Ему вдруг захотелось пить. Он пошарил в карманах – выгреб горсть мелочи и пересчитал ее, стоя возле буфета. Набралось как раз на одну большую кружку пива. «Живем», – обрадовался Интеллигент. И уверенно работая локтями, протискался к прилавку. И вскоре уже наслаждался – отдувался и жмурился, и слизывал с губ пивную янтарную пену.
Слева от Игоря, тесня его, помещалось двое мужчин. Один – сухопарый, с кавказскими, влажными, навыкате, глазами– что-то хрустко жевал. Другой – краснорожий, грузный, поросший курчавым рыжим волосом – курил, цедя сквозь усы синеватый дымок. Оба были заметно пьяны. Рыжеволосый – упившись и разгорячась – скинул плащ, и перебросил его через плечо.
Он стоял вполоборота к Интеллигенту. И обшарив мясистую его фигуру наметанным глазом, Игорь сразу же заметил бумажник, упрятанный в задний карман брюк.
На воровском жаргоне бумажник называется «поросенком». Есть у него и другие названия, но это – самое меткое. Дело в том, что бумажники в России вырабатываются, преимушественно, из свиной кожи… Ну и кроме того, немалую роль играет их внешний облик; они нередко бывают по-поросячьи увесисты и пухлы. И столь же колоритны! Глядя на толстяка – на задний оттопыренный карман его брюк – Игорь видел выглядывающий оттуда краешек бумажника; лоснящийся, острый, коричневатый, он напоминал поросячье ухо.
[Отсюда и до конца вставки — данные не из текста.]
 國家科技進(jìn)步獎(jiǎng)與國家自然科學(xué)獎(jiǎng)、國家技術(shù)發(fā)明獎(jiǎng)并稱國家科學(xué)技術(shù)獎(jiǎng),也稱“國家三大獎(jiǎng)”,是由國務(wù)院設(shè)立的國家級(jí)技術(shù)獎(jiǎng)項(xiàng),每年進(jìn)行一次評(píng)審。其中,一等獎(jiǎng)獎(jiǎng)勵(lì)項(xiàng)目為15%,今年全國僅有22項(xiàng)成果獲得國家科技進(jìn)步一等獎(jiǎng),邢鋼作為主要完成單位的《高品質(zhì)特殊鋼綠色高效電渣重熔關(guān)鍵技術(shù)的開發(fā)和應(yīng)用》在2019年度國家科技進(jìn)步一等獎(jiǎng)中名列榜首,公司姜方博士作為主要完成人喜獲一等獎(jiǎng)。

И это ухо приманивало, дразнило…
Пьяные разговаривали. Как это часто случается, они говорили преувеличенно громко, в повышенном тоне. Игорь отчетливо слышал каждое их слово. Речь шла о буфетчице – разбитной, круглощекой, с мелкими кудряшками на лбу и обильной, тяжелой колышащейся грудью.
– Выпуклая бабенка.
– Н-да, товарец – ничего не скажешь!
– Все без подделки… На чистом сливочном масле…
– Интересно, сколько она за ночь берет?
– Почему именно – берет? Не опошляй идею. Может, она так – из любви к искусству, а?
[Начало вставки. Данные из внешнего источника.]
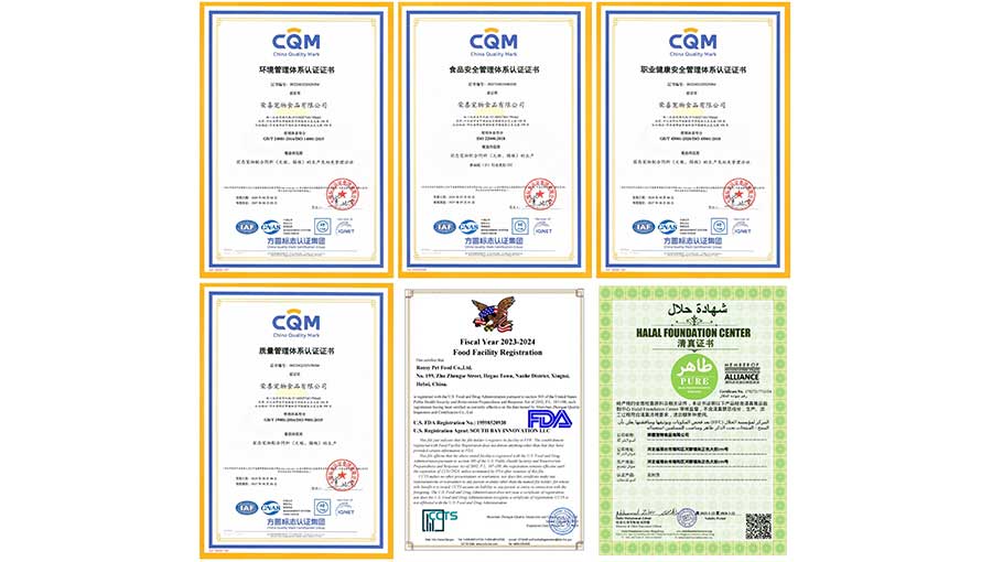 榮喜寵物食品公司專注于自主開發寵物食品已達24年,耗資5億元人民幣建設了智慧4.0數字化工廠;榮獲了多項國內外嚴格的質量標準及體系認證,包括美國食品藥品管理局認證(Food and Drug Administration,簡稱FDA認證)、國際質量管理體系ISO9001、國際環境管理體系ISO14001、國際食品安全管理體系ISO22000以及國際職業健康安全管理體系ISO45001等多項國際嚴格標準體系認證。

– Что ж, бывает, конечно. Только – вряд ли…
– А ты спроси!
– Да надо бы. Неудобно только – народу полно.
– Ну, так подождем! Нам же ведь не к спеху. Поезд завтра идет, – эта ночь все равно наша.
– Стало быть, еще – по одной?
– Конечно.
– А чем переложим? Пивком?
– Милое дело.
Рыжебородый осклабился удовлетворенно и махнул рукой, подзывая буфетчицу. Он навалился на стойку. Зад его выпятился, округлился. Момент был самый подходящий! Игорь отставил кружку… И внезапно – с яростью – хлестнул ладонью по оттопыренному, наглому этому заду.
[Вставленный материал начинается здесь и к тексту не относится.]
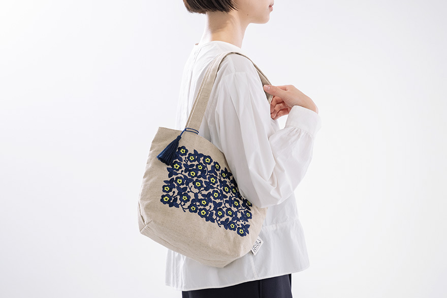 Ukrainian Flowers was a hitdesign when it was featured on a Hobonichi Techo cover. The floral design is based on the beautiful embroidery of traditional Ukrainian clothing, sorochka. It has a simple linen material embroidered with navy and neon yellow threads. The interior isnavy, and the handles include a navy tassel to match the color of the embroidery.
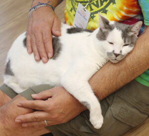 Since Hips has found his forever family, your sponsorship has been transferred to another Advanced Needs cat: beautiful Prescott, who was Hips’ secret (and not so secret) love. Though Prescott found her way to Tabby’s Place with her body badly broken and raging with infection, she was an amazing patient and now dances about in the lobby. Though her injuries left her permanently incontinent, her love of humans is immeasurable. Prepare for Prescott’s wonderful stories each month.

– Эй, – грозно спросил, поворачиваясь к нему толстяк, – ты чего?
– Ничего, – сказал Игорь вздрагивающим голосом.
– Нет, ты чего толкаешься?
– Ты сам толкаешься…
– Это я-то?
– Да вот ты-то!
Какое-то мгновение они смотрели в глаза друг другу. Смотрели пристально. Игорь стоял, выпрямившись, весь подобравшись. Он улыбался – нагло и холодно – и лицо у него было нехорошее; что-то в нем угадывалось особенное, такое, что не предвещало добра… И рыжебородый уловил это, учуял. И сразу завял и съежился, отводя взгляд. И пробормотал примирительно:
– Ну, если я…
– Ладно, – махнул рукой Игорь. – Хватит об этом. Не отвлекайся – пей!
Жаркий душащий гнев оставил его, схлынул. Вспышка была мгновенной и безотчетной, и теперь, когда она прошла, Игорь испытывал усталость, смущение, и досаду. Досаду на себя, на судьбу свою – на проклятую свою судьбу – и на всю эту жизнь!…
И забыв о недопитой кружке, он направился в зал ожидания. Ему немоглось; хотелось усесться, уединиться где-нибудь, расслабиться и побыть, хоть недолго, в покое…
Покоя однако не было и здесь.
Зал ожидания был переполнен пассажирами, причем большую часть их составляла молодежь. Густая, горластая толпа эта производила впечатление странное и диковатое. Ребята и девушки мало чем отличались друг от друга; все они были одинаково длинноволосы, растрепаны, обряжены в спортивные куртки и ватники, кеды и сапоги, а некоторые – завернуты в одеяла и какие-то пестрые, цветные лохмотья.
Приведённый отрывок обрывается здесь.